Why is the universe NOT indifferent towards big samples of coin tosses? What is the objective reason for this phenomenon?

NOTE: A good explanation would not be circular: justifying probability with probabilistic assumptions (e.g. "it's just more likely"). Please check your answers, as most of them fall into this trap.

Original Q&A

There are 17 best solutions below

user76844 On 29 Jan 2015 - 3:56

Nice question! In the real word, we don't get to let $n \to \infty$, so the question of why LLN should be of any comfort is important.

The short answer to your question is that we cannot empirically verify LLN since we can never perform an infinite number of experiments. Its a theoretical idea that is very well founded, but, like all applied mathematics, the question of whether or not a particular model or theory holds is a perennial concern.

A more useful law from a statistical standpoint is the Central Limit Theorem and the various probability inequalities (Chebyshev, Markov, Chernov, etc). These allow us to place bounds on or approximate the probability of our sample average being far from the true value for a finite sample.

As for an actual experiment to test LLN. One can hardly do better than John Kerrichs 10,000 coin flip experiment-- he got 50.67% heads!!

So, in general, I would say LLN is empirically well supported by the fact that scientists from all fields rely upon sample averages to estimate models, and this approach has been largely successful, so the sample averages appear to be converging nicely for finite, and feasible, sample sizes.

There are "pathological" cases that one can construct (I'll spare you the details) where one needs astronomical sample sizes to get a reasonable probability of being close to the true mean. This is apparent if you are using the Central Limit Theorem, but the LLN is simply not informative enough to give me much comfort in day-to-day practice.

The physical basis for probability

It seems you still an issue with why long-run averages exist in the real world, apart from the theory of probability regarding the behavior of these averages assuming long-run averages exist. Let me state a fact that may help you:

Fact Nether probability theory nor the existence of a long-run averages requires randomness !

The determinism vs. indeterminism debate is for philosophers, not mathematics. The notion of probability as a physical observable comes from ignorance or absence of the detailed dynamics of what you are observing. You could just as easily apply probability theory to a boring 'ol pendulum as to the stock market or coin flips...its just that with pendulum's we have a nice, detailed theory that that allows us make precise estimates of future observations. I have no doubt that a full physical analysis of a coin flip would allow for us to predict what face would come up...but in reality, we will never know this!

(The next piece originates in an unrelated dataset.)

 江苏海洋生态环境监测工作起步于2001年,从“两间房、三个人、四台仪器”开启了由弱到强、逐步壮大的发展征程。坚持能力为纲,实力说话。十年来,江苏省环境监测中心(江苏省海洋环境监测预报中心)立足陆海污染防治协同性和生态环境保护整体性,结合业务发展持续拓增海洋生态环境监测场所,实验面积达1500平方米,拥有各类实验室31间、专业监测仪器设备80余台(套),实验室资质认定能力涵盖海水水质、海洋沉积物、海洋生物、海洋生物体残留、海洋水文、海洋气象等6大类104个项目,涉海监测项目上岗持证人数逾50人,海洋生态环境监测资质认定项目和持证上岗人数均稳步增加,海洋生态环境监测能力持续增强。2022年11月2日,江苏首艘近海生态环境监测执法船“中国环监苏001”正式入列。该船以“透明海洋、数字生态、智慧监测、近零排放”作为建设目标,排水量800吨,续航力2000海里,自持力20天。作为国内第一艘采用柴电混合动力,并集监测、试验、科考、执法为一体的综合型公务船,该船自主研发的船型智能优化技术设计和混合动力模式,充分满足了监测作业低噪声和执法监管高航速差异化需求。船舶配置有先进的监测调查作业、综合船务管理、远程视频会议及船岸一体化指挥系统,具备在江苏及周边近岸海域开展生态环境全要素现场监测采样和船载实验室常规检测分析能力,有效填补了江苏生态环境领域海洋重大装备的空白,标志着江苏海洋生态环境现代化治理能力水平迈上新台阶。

This isn't an issue though. We don't need to assume a guiding hand nor true indeterminism to apply probability theory. Lets say that coin flips are truly deterministic, then we can still apply probability theory meaningfully if we assume a couple basic things:

The underlying process is $ergodic$...okay, this is a bit technical, but it basically means that the process dynamics are stable over the long term (e.g., we are not flipping coins in a hurricane or where tornados pop in and out of the vicinity!). Note that I said nothing about randomness...this could be a totally deterministic, albeit very complex, process...all we need is that the dynamics are stable (i.e., we could write down a series of equations with specific parameters for the coin flips and they wouldn't change from flip to flip).
The values the process can take on at any time are "well behaved". Basically, like I said earlier wrt the Cauchy...the system should not produce values that consistently exceed $\approx n$ times the sum of all previous observations. It may happen once in a while, but it should become very rare, very fast (precise definition is somewhat technical).

With these two assumptions, we now have the physical basis for the existence of a long-run average of a physical process. Now, if its complicated, then instead of using physics to model it exactly, we can apply probability theory to describe the statistical properties of this process (i.e., aggregated over many observations).

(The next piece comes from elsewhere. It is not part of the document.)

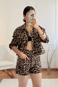 Estes calções femininos de cintura alta com estampa de leopardo são a definição de ousadia e elegância urbana. Com modelagem ajustada que valoriza a silhueta e bolsos funcionais, essa peça é perfeita para quem busca conforto sem abrir mão do estilo.

Note that the above is independent from whether or not we have selected the correct probability model. Models are made to match reality...reality does not conform itself to our models. Therefore, it is the job of the modeler, not nature or divine provenance, to ensure that the results of the model match the observed outcomes.

Hope this helps clarify when and how probability applies to the real world.

Bumbble Comm On 29 Jan 2015 - 3:57

The physical assumptions are that in each trial of tossing the coin, the coin is identical, and the laws of physics are identical, and the coin in no way "remembers" what it did before. With those assumptions, you can then say that there is some number between $0$ and $1$ that represents the probability of any given toss coming up heads.

Warning: that probability need not be $\frac{1}{2}$. In fact, a standard US penny will land on tails about 51% of the time.

Once you have that number, which we could call $p$, then it is meaningful to talk about the expected value of the number of heads arising in $1$ toss, which is that same $p$, and the expected value of the number of heads arising in $N$ tosses (the average result of $N$ trials) which is also $p$ because the tosses are completely independent.

Then the practical effect of LLN is to know that the likelihood of the average number of heads in an actual set of $N$ trials being "far" from $p$ becomes vanishingly small, provided that by "far" you mean more than a few times $\sqrt{1/N}$. And since for very large $N$, $\sqrt{1/N}$ becomes very small, we can say that with probability almost 1 the average of $N$ trials will lie in a small range about its in-principle value of $p$.

Bumbble Comm On 29 Jan 2015 - 4:09

One has to distinguish between the mathematical model of coin tossing and factual coin tossing in the real world.

The mathematical model has been set up in such a way that it behaves provably according to the rules of probability theory. These rules do not come out of thin air: They encode and describe in the most economical way what we observe when we toss real coins.

The deep problem is: Why do real coins behave the way they do? I'd say this is a question for physicists. An important point is symmetry. If there is a clear cut "probability" for heads, symmetry demands that it should be ${1\over2}$. Concerning independence: There are so many physical influences determining the outcome of the next toss that the face the coin showed when we picked it up from the table seems negligible. And on, and on. This is really a matter of philosophy of physics, and I'm sure there are dozens of books dealing with exactly this question.

Bumbble Comm On 29 Jan 2015 - 5:53

One has to distinguish between the mathematical model of coin tossing and the human intuition of it.

It is worthwhile to consider the following experiment.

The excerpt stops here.